BEGIN The records

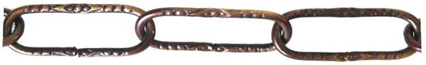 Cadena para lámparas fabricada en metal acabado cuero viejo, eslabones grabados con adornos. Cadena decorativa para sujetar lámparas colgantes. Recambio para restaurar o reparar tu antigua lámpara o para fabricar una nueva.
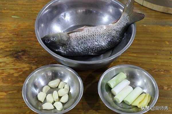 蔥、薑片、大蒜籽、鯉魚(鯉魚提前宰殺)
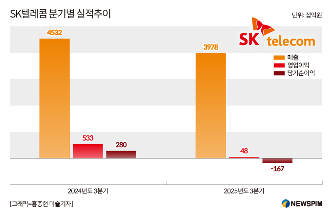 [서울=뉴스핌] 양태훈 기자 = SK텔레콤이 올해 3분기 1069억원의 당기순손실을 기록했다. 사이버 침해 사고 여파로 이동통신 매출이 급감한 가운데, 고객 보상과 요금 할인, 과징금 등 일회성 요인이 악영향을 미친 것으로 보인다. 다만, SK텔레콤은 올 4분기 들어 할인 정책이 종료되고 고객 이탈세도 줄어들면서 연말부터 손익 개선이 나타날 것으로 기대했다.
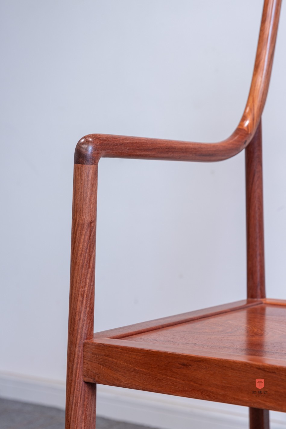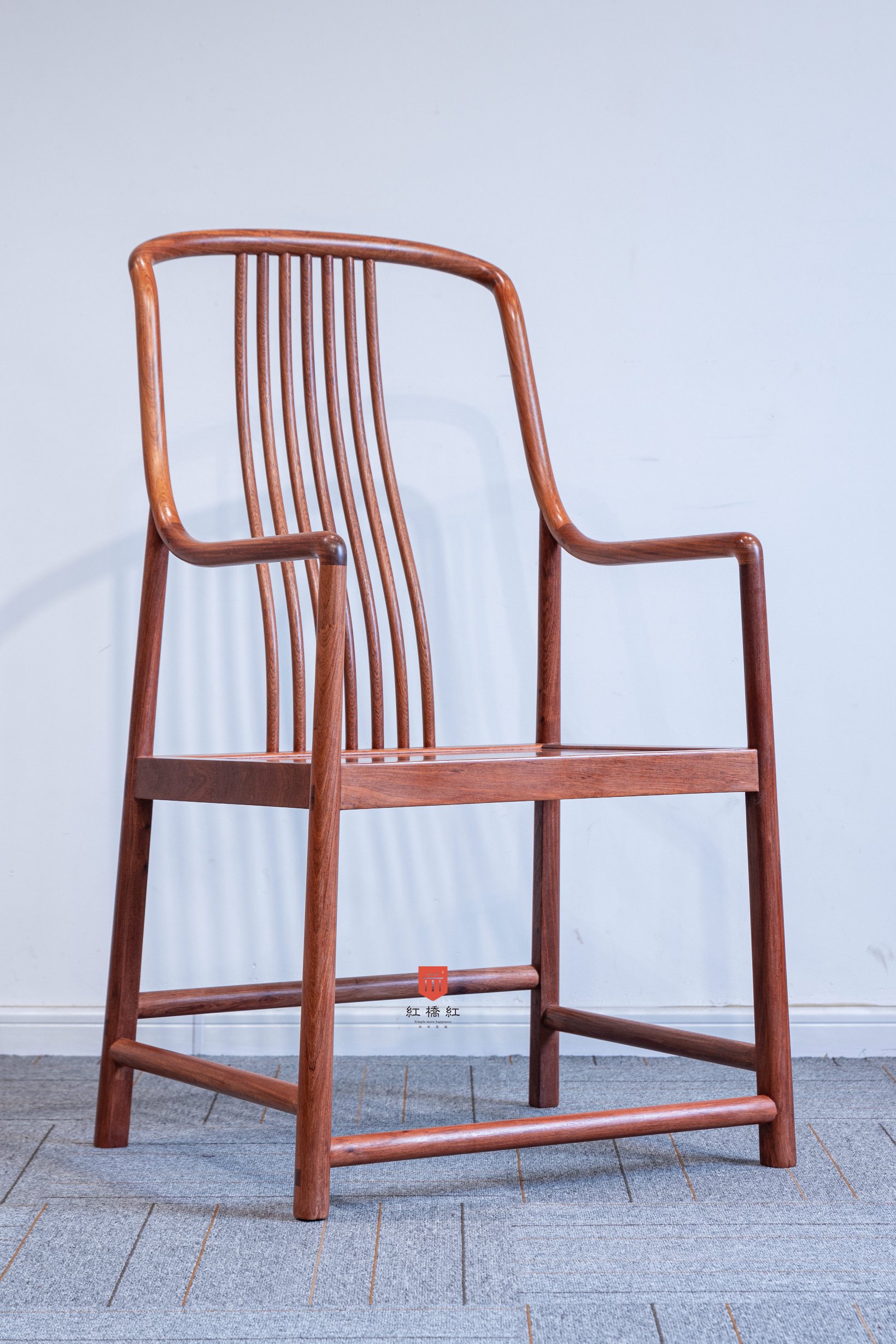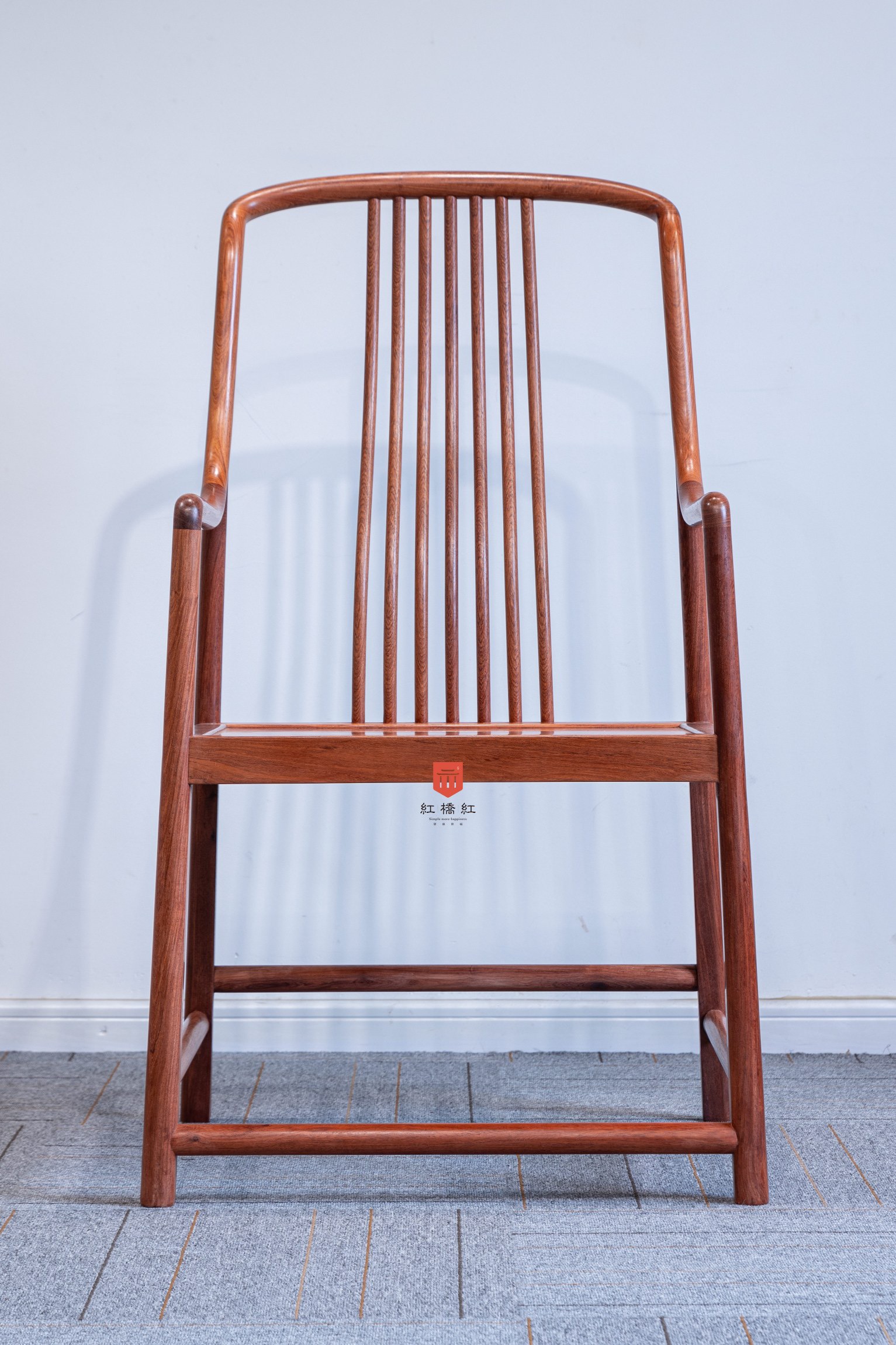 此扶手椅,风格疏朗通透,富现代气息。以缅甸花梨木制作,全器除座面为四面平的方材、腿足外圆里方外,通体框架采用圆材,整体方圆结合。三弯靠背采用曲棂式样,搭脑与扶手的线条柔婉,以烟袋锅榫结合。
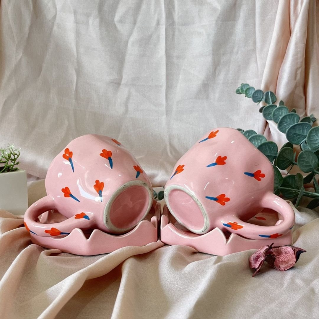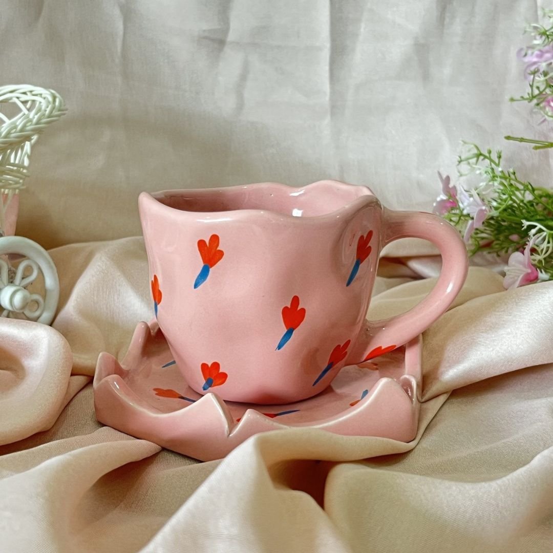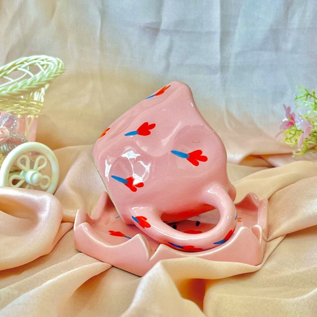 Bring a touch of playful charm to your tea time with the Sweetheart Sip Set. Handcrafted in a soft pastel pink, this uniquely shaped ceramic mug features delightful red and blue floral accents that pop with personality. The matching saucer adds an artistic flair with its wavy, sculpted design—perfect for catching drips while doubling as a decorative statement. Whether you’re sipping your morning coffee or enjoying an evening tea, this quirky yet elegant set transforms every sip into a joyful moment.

END The records

◆ Required action
In the entries above, find the line with "蔥、薑片、大蒜籽、鯉魚(鯉魚提前宰殺)" and the line with "此扶手椅,风格疏朗通透,富现". Write out exactly those two lines and every line between them, pictures excluded.

◆ Answer section
 蔥、薑片、大蒜籽、鯉魚(鯉魚提前宰殺)
 [서울=뉴스핌] 양태훈 기자 = SK텔레콤이 올해 3분기 1069억원의 당기순손실을 기록했다. 사이버 침해 사고 여파로 이동통신 매출이 급감한 가운데, 고객 보상과 요금 할인, 과징금 등 일회성 요인이 악영향을 미친 것으로 보인다. 다만, SK텔레콤은 올 4분기 들어 할인 정책이 종료되고 고객 이탈세도 줄어들면서 연말부터 손익 개선이 나타날 것으로 기대했다.
 此扶手椅,风格疏朗通透,富现代气息。以缅甸花梨木制作,全器除座面为四面平的方材、腿足外圆里方外,通体框架采用圆材,整体方圆结合。三弯靠背采用曲棂式样,搭脑与扶手的线条柔婉,以烟袋锅榫结合。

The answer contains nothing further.